Reproduce exactly the line with "Дзеркало, кріплення, полиці." and every line that follows it below, up to and including the last one. Do not include pictures or anything else.

DATASET EXTRACT:
◇ ◇ ◇

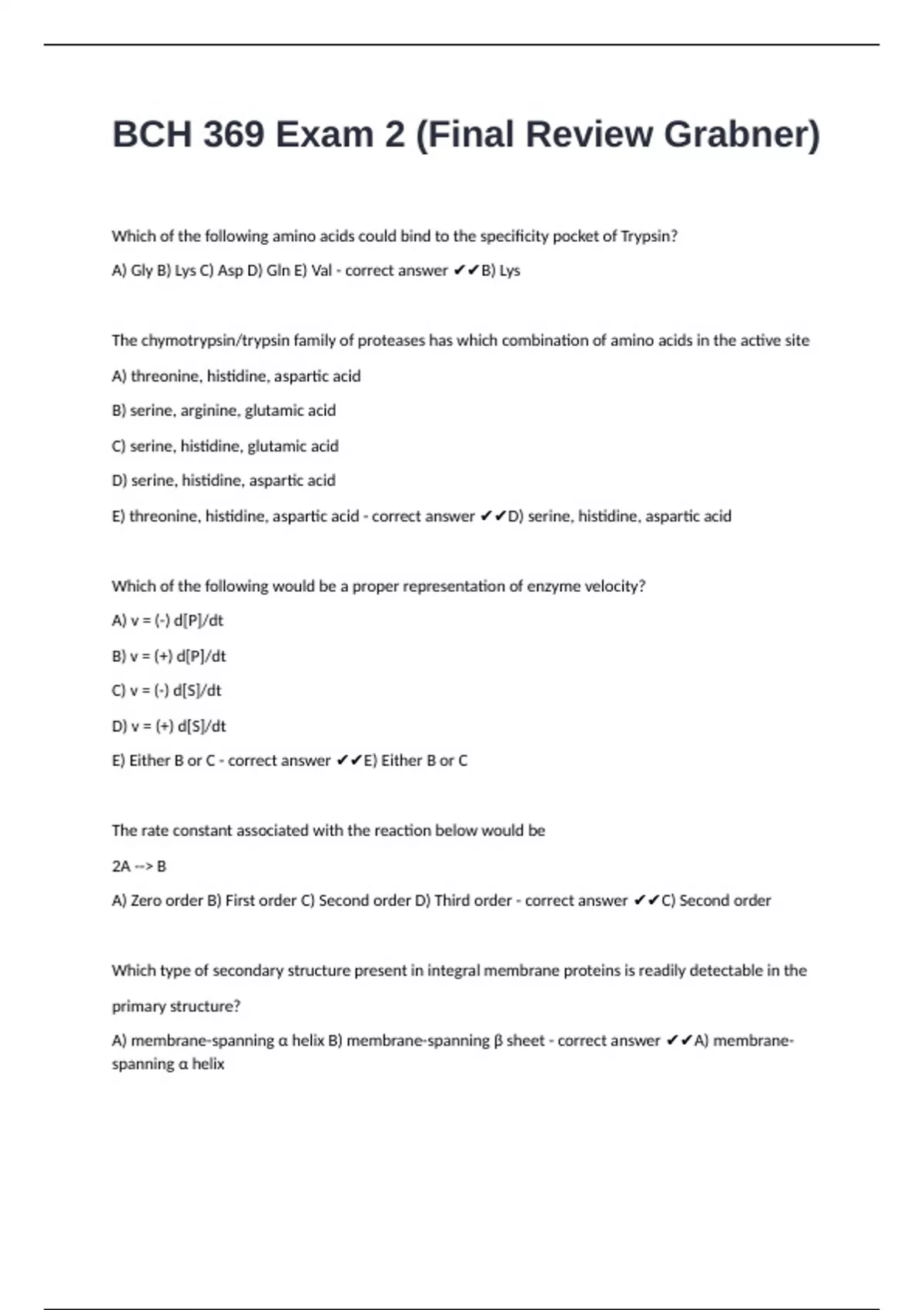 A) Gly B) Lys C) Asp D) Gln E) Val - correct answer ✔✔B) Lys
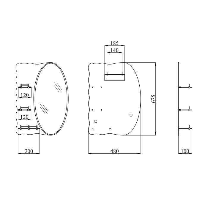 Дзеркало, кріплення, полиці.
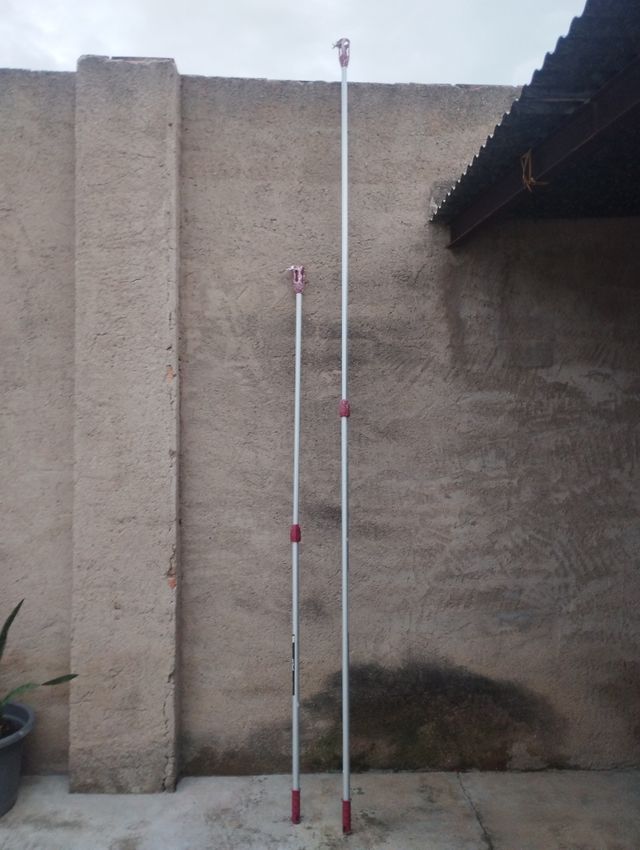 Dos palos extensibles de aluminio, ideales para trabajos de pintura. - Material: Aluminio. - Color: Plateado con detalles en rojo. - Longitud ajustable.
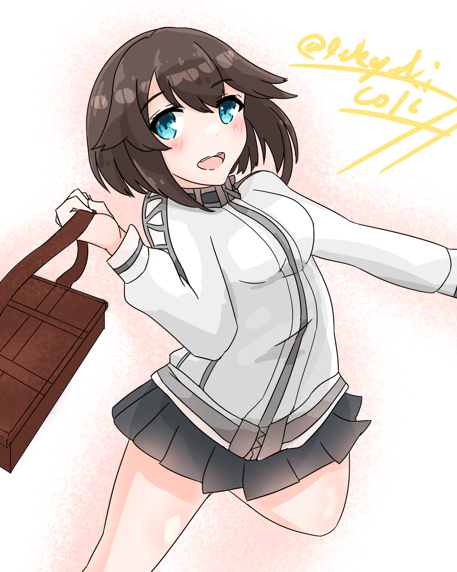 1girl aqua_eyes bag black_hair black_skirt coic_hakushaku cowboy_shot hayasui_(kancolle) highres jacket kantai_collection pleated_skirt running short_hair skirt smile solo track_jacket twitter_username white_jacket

◇ ◇ ◇

RESPONSE:
 Дзеркало, кріплення, полиці.
 Dos palos extensibles de aluminio, ideales para trabajos de pintura. - Material: Aluminio. - Color: Plateado con detalles en rojo. - Longitud ajustable.
 1girl aqua_eyes bag black_hair black_skirt coic_hakushaku cowboy_shot hayasui_(kancolle) highres jacket kantai_collection pleated_skirt running short_hair skirt smile solo track_jacket twitter_username white_jacket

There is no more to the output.